Although European countries frequently take countermeasures, so far, all countries are "fighting alone" or several countries are temporarily United, lacking overall coordination at the EU level, and it is even more difficult to come up with a 700 billion rescue package like the United States. Analysts believe that given that the European economy is more dependent on the financing of the banking system, if the EU does not follow the example of the United States as soon as possible to help banks get rid of bad debts and ease the credit crunch, the impact of this financial crisis on Europe may even be more serious than that of the United States.
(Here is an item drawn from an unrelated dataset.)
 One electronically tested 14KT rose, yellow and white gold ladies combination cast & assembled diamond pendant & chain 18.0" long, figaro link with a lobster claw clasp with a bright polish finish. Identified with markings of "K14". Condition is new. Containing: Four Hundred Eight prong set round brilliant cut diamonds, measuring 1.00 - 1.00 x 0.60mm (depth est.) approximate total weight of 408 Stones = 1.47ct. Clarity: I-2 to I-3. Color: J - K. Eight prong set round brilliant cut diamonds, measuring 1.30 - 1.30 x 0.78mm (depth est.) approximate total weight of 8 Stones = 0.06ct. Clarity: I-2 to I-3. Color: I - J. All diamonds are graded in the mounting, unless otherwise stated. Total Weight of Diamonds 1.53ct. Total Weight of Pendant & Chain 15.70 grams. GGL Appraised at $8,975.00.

Many people in the industry have appealed that the current financial crisis is no longer a problem that can be solved by a government’s rescue plan. It needs the joint consultation of the main participants in the global financial market.
America
Accelerate the start of the rescue plan, and the Fed’s capital injection will be expanded to 900 billion yuan.
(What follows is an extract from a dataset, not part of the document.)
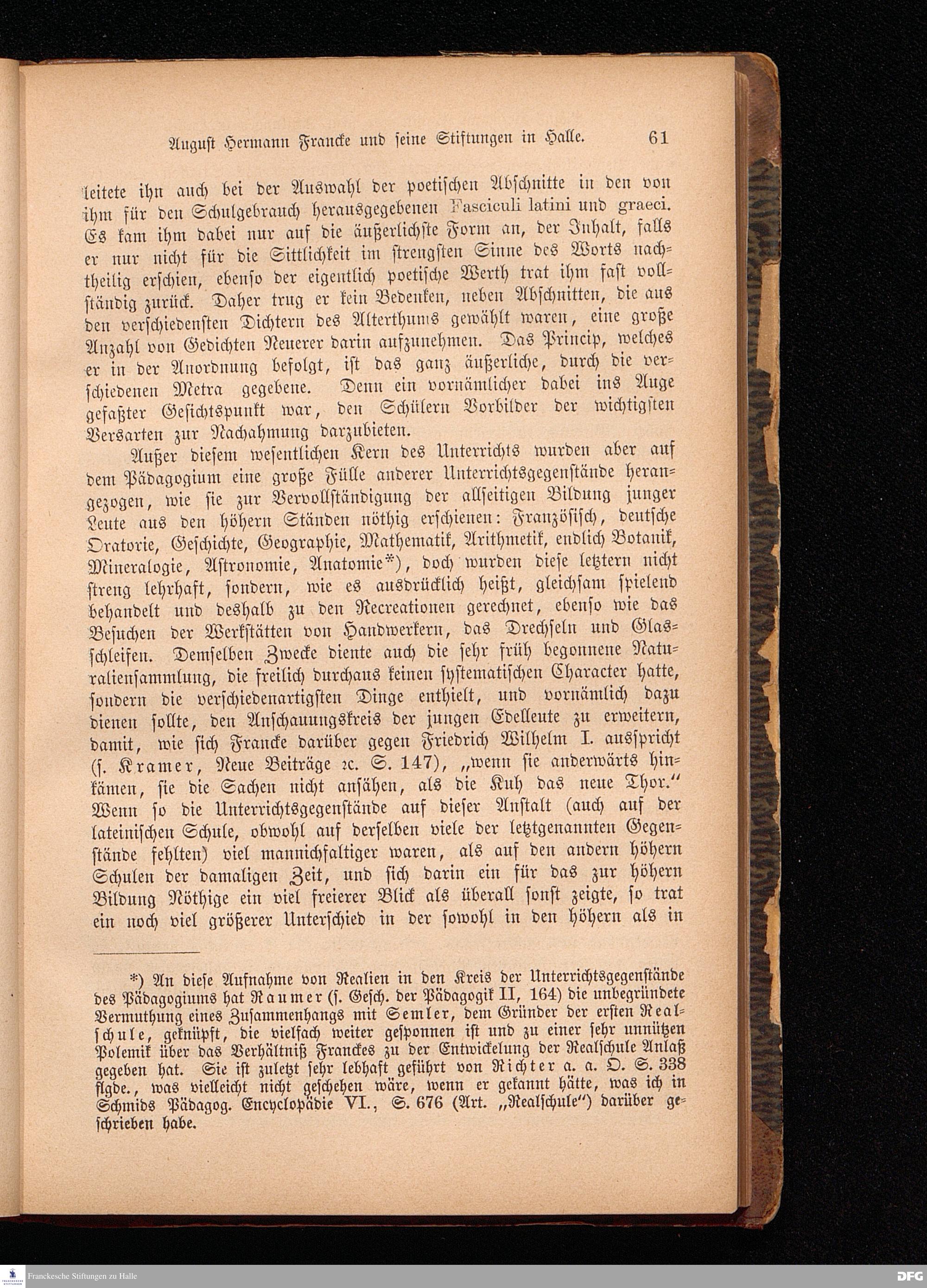 A.H.Francke's Pädagogische Schriften. Nebst der Darstellung seines Lebens und seiner Stiftungen herausgegeben von D. G[ustav] Kramer, Director der Franckeschen Stiftungen. Langensalza, Verlags=Comptoir von Hermann Beyer. 1876.

Although the $700 billion rescue plan has been settled, in order to stabilize investors’ confidence, the US government further promised to introduce specific implementation measures for the rescue plan as soon as possible and take a series of practical actions. In order to refine the implementation plan, the Ministry of Finance turned to Wall Street, and planned to hire a number of financial companies to help control the implementation process of the plan, which were responsible for mortgage-related securities and overall loan business. The US Treasury Department announced a series of principles for selecting Wall Street companies and coordinating the interests of outsourcing companies on the 6th.
On the 6th, the Bush administration announced that it had instructed Neil Kaska, Assistant Minister in charge of international affairs of the Ministry of Finance, to lead the temporary establishment of a new department, the Financial Stability Office. Kaska Li, 35, is one of the senior advisers of Treasury Secretary Henry Merritt Paulson. Before joining the Ministry of Finance, he worked for Goldman Sachs. On the same day, the Federal Reserve also decided to start paying interest on bank reserves and announced that it might expand its loan scale to 900 billion US dollars.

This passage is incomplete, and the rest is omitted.